Staying with him after the break up was the worst I did to myself. I spent years crying until I fall asleep for the self doubt I was fed with, his lies I chose to ignore, the worries regarding whereabouts, his indifference, and ultimately, the love unreturned.
But what was strange was I kept sticking to the torture even when I despised it. I kept going back and being dependent to what would bleed me dry.
I thought it was love. And I did fall. Too hard. I had a strong love, the kind that chose to see only the good things. I thought it was happiness. That he was my contentment with misery. Yes, he would give me joy and then desolation afterwards. I accepted it as normal.
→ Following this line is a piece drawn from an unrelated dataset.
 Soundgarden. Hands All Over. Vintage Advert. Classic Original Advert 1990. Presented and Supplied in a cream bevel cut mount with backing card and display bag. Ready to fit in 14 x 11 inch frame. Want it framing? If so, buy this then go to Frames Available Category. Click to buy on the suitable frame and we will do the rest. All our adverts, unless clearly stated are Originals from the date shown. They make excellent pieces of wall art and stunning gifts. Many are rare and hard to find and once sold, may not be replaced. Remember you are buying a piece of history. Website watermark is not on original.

But I realized that when he decided to go, he chose to forget. And when he said he wanted to still be with me without our label, he actually meant being together only when it was convenient. Of course, I did not want to see that. I denied that and convinced myself he was still in love but unready.
I couldn’t admit that I lost his love a long time before and that it was only pride that kept me with him. I did not want to endure that it was I that was dumped, unchosen, and forgotten. So, I held things together.
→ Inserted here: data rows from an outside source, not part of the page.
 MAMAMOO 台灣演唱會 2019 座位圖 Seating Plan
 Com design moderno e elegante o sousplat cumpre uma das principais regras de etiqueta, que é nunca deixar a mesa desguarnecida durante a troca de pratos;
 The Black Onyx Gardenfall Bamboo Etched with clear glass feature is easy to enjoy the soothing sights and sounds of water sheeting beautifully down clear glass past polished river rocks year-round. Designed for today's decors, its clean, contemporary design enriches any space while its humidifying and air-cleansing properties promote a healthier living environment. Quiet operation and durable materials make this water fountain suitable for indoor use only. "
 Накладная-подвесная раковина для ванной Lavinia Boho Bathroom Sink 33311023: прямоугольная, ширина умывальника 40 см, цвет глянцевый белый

My mistake was I did not love myself good enough that when he started to purposefully hurt me, I embraced it for years and mistook it for confusion he would outgrow or that it was me who was misunderstanding.
And then one day, I couldn’t tolerate him anymore. So, I just stopped being there for him. I stopped communicating with him.
I waited three days for him to miss me, but he never came back. That moment, I validated my belief that I never mattered. Or no longer did. And on the fourth day, I melted my heart out. I would still get moments of sadness out of it but letting him go was the best thing I did for myself.
It devastated me to know that the person who loved me so no longer sees me as important, but what was good is that I started healing and redirecting my affection for him to myself.
I was distressed, but now, I could start being the old me again: no more waiting by my phone, singing-in-the-morning or in the shower, reading again, talking to my best boy pals I chose to ignore on his command, no more being careful with what I wear or say, no more being afraid of losing him because he was no longer mine to begin with.
I held on to him and to the heartache because I believed he was my delight. But if he really were, there wouldn’t have been nights when he would make me desperate for his voice.
How I wish I had been strong enough to have cut ties with him, on that Wednesday evening when I was so much younger than today, when he dumped me over SMS.